## Data for review
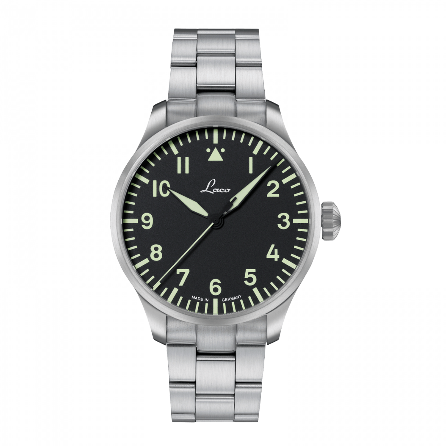 MANUFATURA HISTÓRICA: a Laco foi uma das cinco únicas empresas autorizadas a produzir relógios para pilotos da Luftwaffe nos anos 1940, ao lado de IWC, A. Lange & Söhne, Stowa e Wempe. Cada detalhe mantém fidelidade aos originais, desde o acabamento fosco até a ausência de logotipo no mostrador.
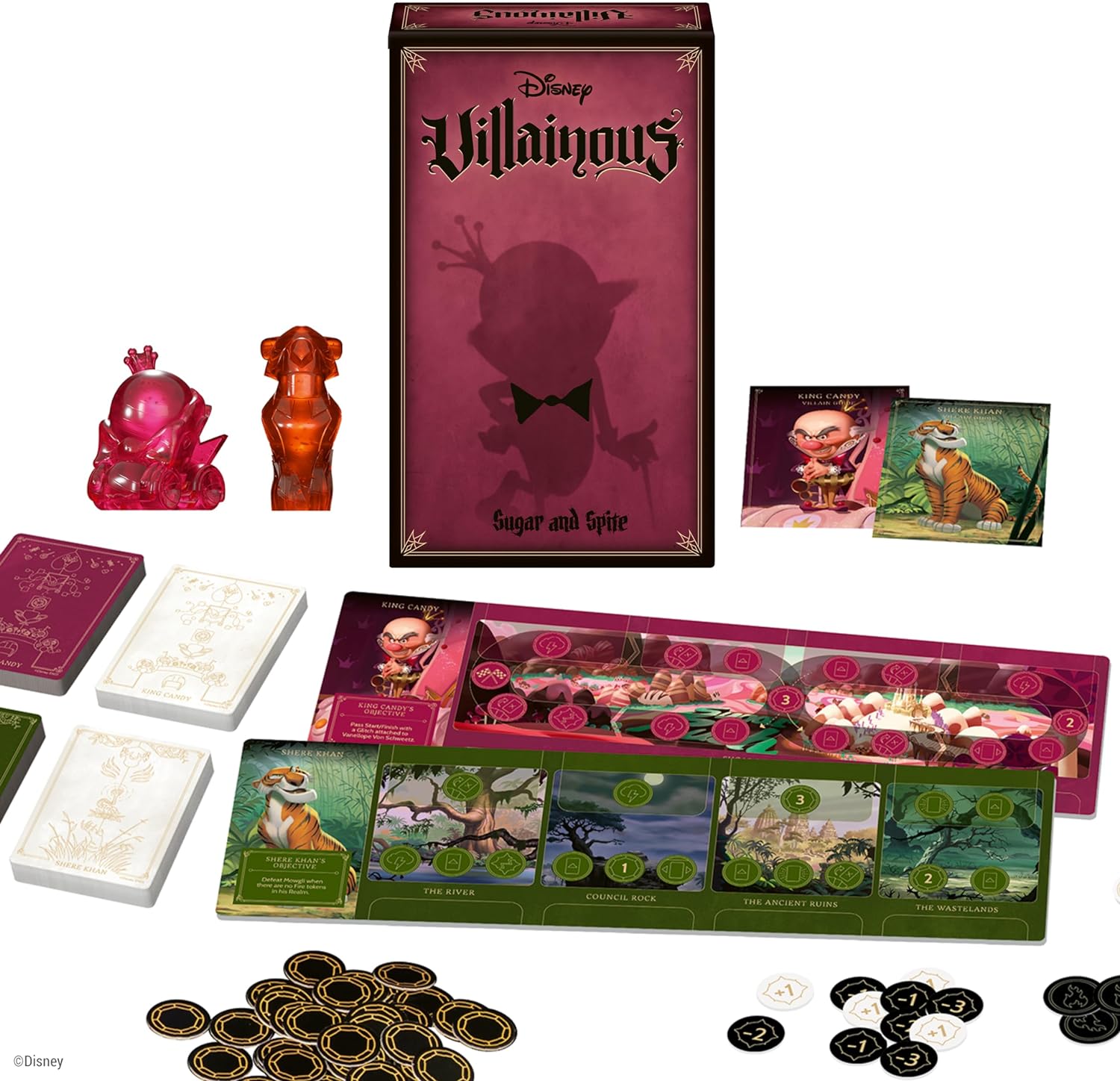 Unleash your inner villain in Disney Villainous - Sugar & Spite. Choose to play as the cunning King Candy or the devious Shere Khan, each with distinct abilities and goals to achieve. Navigate the twists of fate as you encounter iconic heroes like Baloo and Kaa, and antagonists like Princess Vanellope, and more, who will challenge your villainous plans. Utilize the included villain guides to master each character's unique strategies for endless replayability. Sugar & Spite can be enjoyed as a standalone game or combined with other Disney Villainous sets (Filled with Fright, Evil Comes Prepared, or Wicked to the Core) for even more sinister fun Suitable for kids ages 10 and up, with a playing time of 40 to 60 minutes.
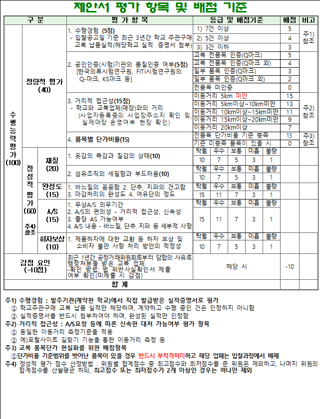 (평가위원용은 제안서, 교복 견본품에 업체명, 업체표시 문양 등을 제거하고 제출)
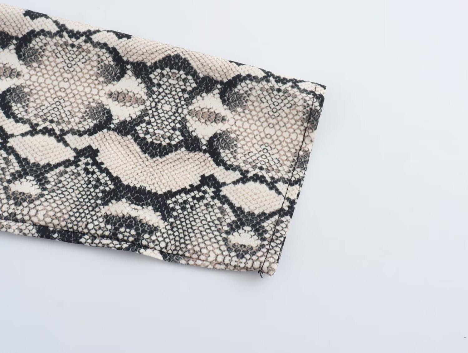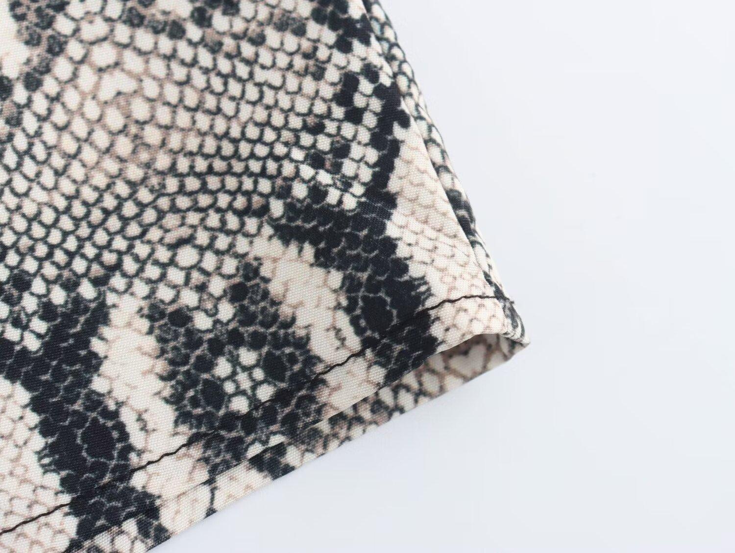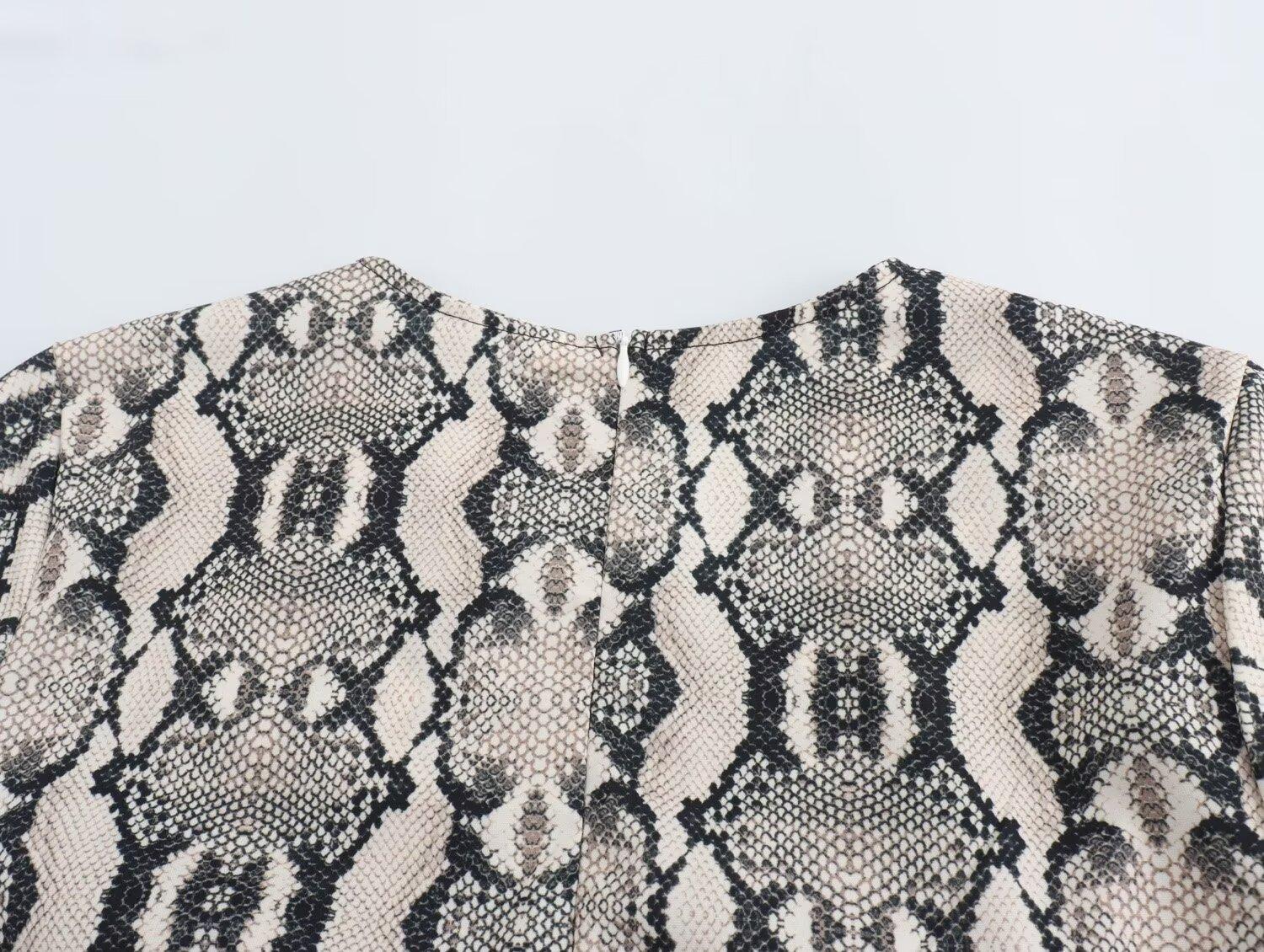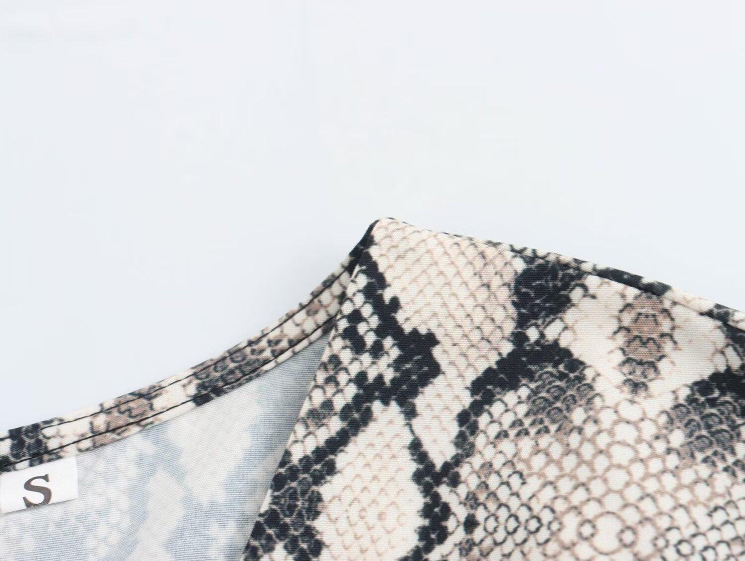 Venta al por mayor 2024 verano nuevo estilo europeo y americano para mujer vestido de cadera con cuello en V y cintura estampada de serpiente
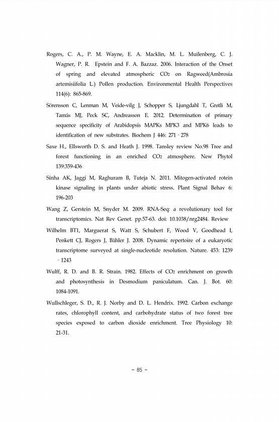 85 Rogers, C. A., P. M. Wayne, E. A. Macklin, M. L. Muilenberg, C. J. Wagner, P. R. Epstein and F. A. Bazzaz. 2006. Interaction of the Onset of spring and elevated atmospheric CO2 on Ragweed Ambrosia artemisiifolia L. Pollen production. Environmental Health Perspectives 114 6 865-869. S?rensson C, Lenman M, Veide-vilg J, Schopper S, Ljungdahl T, Grøtli M, Tam?s MJ, Peck SC, Andreasson E. 2012. Det...
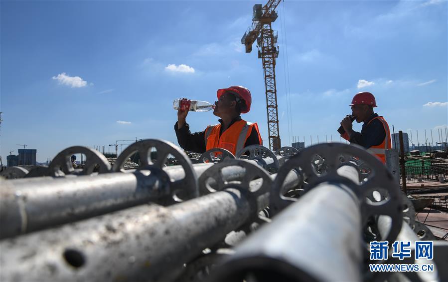 8月3日,工人在長江文創(chuàng)產(chǎn)業(yè)園項目工地休息喝水。進(jìn)入8月,武漢迎來持續(xù)高溫天氣。在湖北廣電傳媒基地工程的工地上,中建三局總承包公司1500多名工人持續(xù)奮戰(zhàn),力保工程進(jìn)度。該工程是我國中部地區(qū)首個國家級廣播影視媒體基地,由湖北廣電傳媒大廈項目、長江文創(chuàng)產(chǎn)業(yè)園項目、廣電生活配套項目三大板塊組成,總建設(shè)規(guī)模130萬平方米。自今年3月25日獲批正式復(fù)工以來,承建方克服困難,把因疫情影響耽誤的工期趕了回來,預(yù)計將按原計劃完成建設(shè)任務(wù)。新華社記者程敏攝
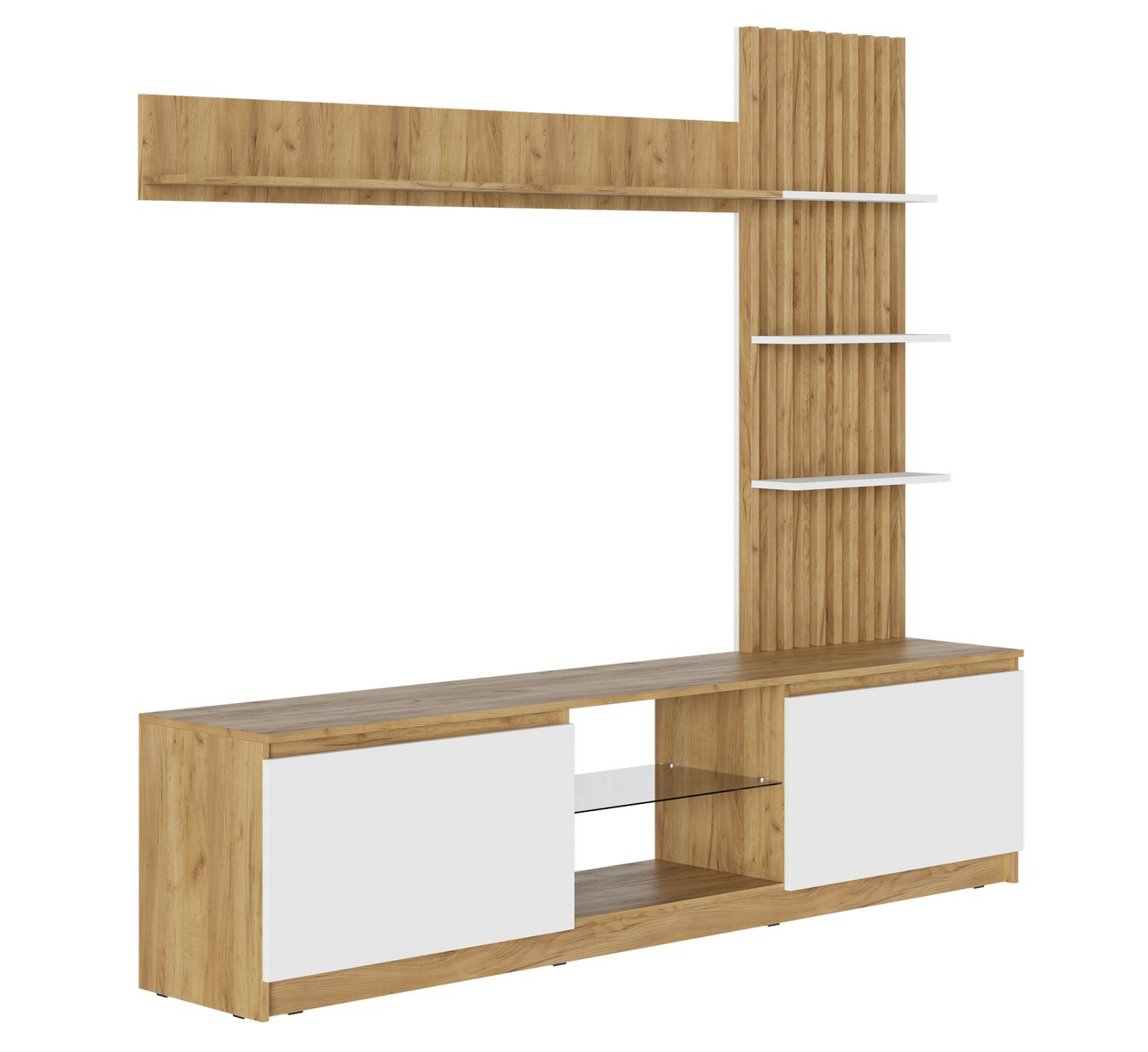 •    Ниша под телевизором оборудована стеклополкой из тонированного стекла в цвете Графит, края обработаны еврокромкой

## Work to complete
Starting at the line that holds "8月3日,工人在長江文創(c" and stopping at the last line of the listing above, write out each line exactly as it appears, and omit the pictures.

## Result of this task
 8月3日,工人在長江文創(chuàng)產(chǎn)業(yè)園項目工地休息喝水。進(jìn)入8月,武漢迎來持續(xù)高溫天氣。在湖北廣電傳媒基地工程的工地上,中建三局總承包公司1500多名工人持續(xù)奮戰(zhàn),力保工程進(jìn)度。該工程是我國中部地區(qū)首個國家級廣播影視媒體基地,由湖北廣電傳媒大廈項目、長江文創(chuàng)產(chǎn)業(yè)園項目、廣電生活配套項目三大板塊組成,總建設(shè)規(guī)模130萬平方米。自今年3月25日獲批正式復(fù)工以來,承建方克服困難,把因疫情影響耽誤的工期趕了回來,預(yù)計將按原計劃完成建設(shè)任務(wù)。新華社記者程敏攝
 •    Ниша под телевизором оборудована стеклополкой из тонированного стекла в цвете Графит, края обработаны еврокромкой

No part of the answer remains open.